As described above, the present invention is to ensure a stable connection between the RF connector and the F-type connector when the F-type connector is connected to the RF connector during the performance test of the mobile communication device.

Therefore, the present invention has the effect of providing a more accurate performance test by allowing the test RF signal supplied to the PCB board of the mobile communication device to be transmitted by the minimum power attenuation.

In addition, the present invention, by securing the data related to the design technology and measurement technology of the inspection RF connector, which is one of the components mounted on the printed circuit board of the mobile communication device, it is possible to produce domestically as well as to produce the inspection RF connector It has the effect of enhancing the national competitiveness by making it possible to promote technological power.

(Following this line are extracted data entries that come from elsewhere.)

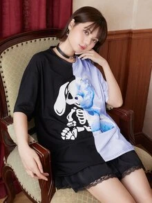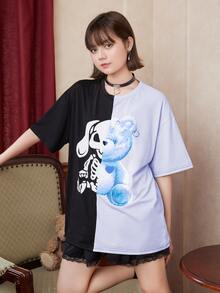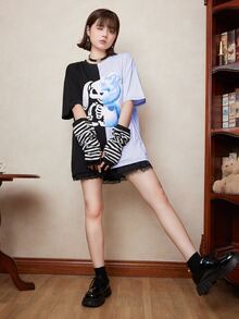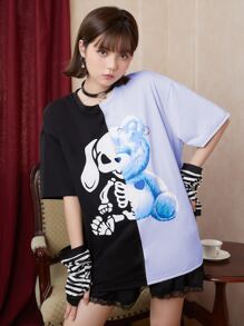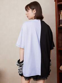 Kawaii T-shirts pour femmes Casual Cartoon Blocs de couleur
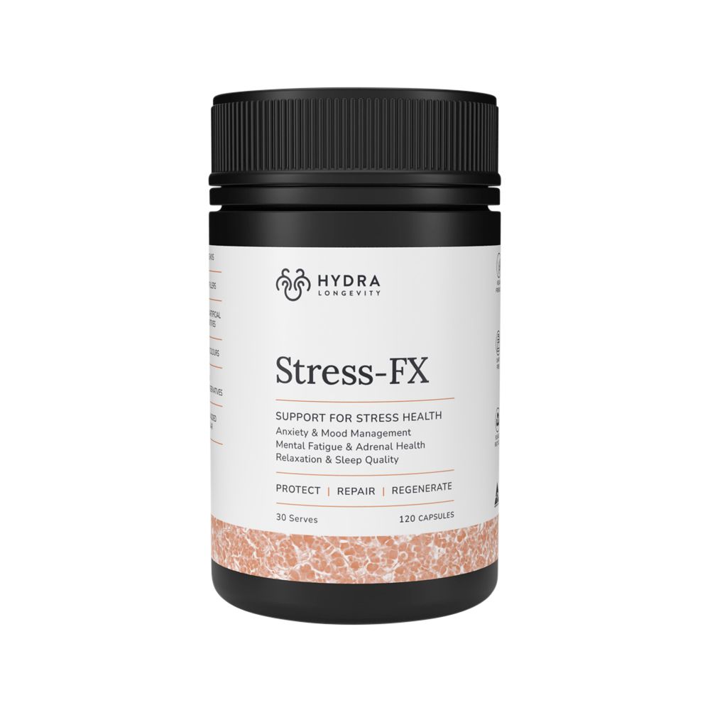 Hydra Longevity Stress-FX is a scientifically advanced formula designed to support stress management and work at a cellular level.
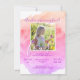 Cartões de convite de aniversário de design de aquarelas modernas e adoráveis para uma menina de 4 anos (ou qualquer ano - apenas edite!). Cor rosa, pêssego, roxo, lavanda, branco violeta. Personalize adicionando sua imagem FOTO., imagem. A parte traseira do cartão tem a opção de adicionar o nome com um grande número de aniversário. Este convite personalizado é perfeito para qualquer tema de aniversário e idade!

In addition, the present invention is easy to assemble in the manufacturing process of the RF connector is effective in reducing the defective rate during mass production.

Claims (9)

delete In the method of designing a RF connector of a mobile communication device, A first step of setting a characteristic impedance value for achieving impedance matching between the supply connector inserted from the outside and the RF connector when the performance test of the mobile communication device is performed; And A second step of designing the structure of the RF connector based on the set characteristic impedance value, And wherein the second step is further based on a distance d between the connection terminal and the guide terminal of the RF connector. The method of claim 2, wherein the second step, And a length (L _C , L _G ) of the connection terminal and the guide terminal of the RF connector, respectively, by using the set characteristic impedance value. The method of claim 2, wherein the lengths (L _C , L _G ) of the connection terminal and the guide terminal of the RF connector are the same. In the method of designing a RF connector of a mobile communication device, A first step of setting a characteristic impedance value for achieving impedance matching between the supply connector inserted from the outside and the RF connector when the performance test of the mobile communication device is performed; And A second step of designing the structure of the RF connector based on the set characteristic impedance value, The supply connector is an inspection RF connector design method, characterized in that the F-type connector. In the method of designing a RF connector of a mobile communication device, A first step of setting a characteristic impedance value for achieving impedance matching between the supply connector inserted from the outside and the RF connector when the performance test of the mobile communication device is performed; And A second step of designing the structure of the RF connector based on the set characteristic impedance value, The second step, And a width W _C and W _G of the connection terminal and the guide terminal of the RF connector, respectively, using the set characteristic impedance values. The method of claim 6, wherein the second step, RF connector design method, characterized in that further made based on the separation distance (h) between the pin and the guide terminal of the supply connector. 8. The method of claim 6 or 7, wherein the widths W _C and W _G of the connection terminal and the guide terminal are the same. 7. The method of claim 6, wherein the supply connector is an F-type connector.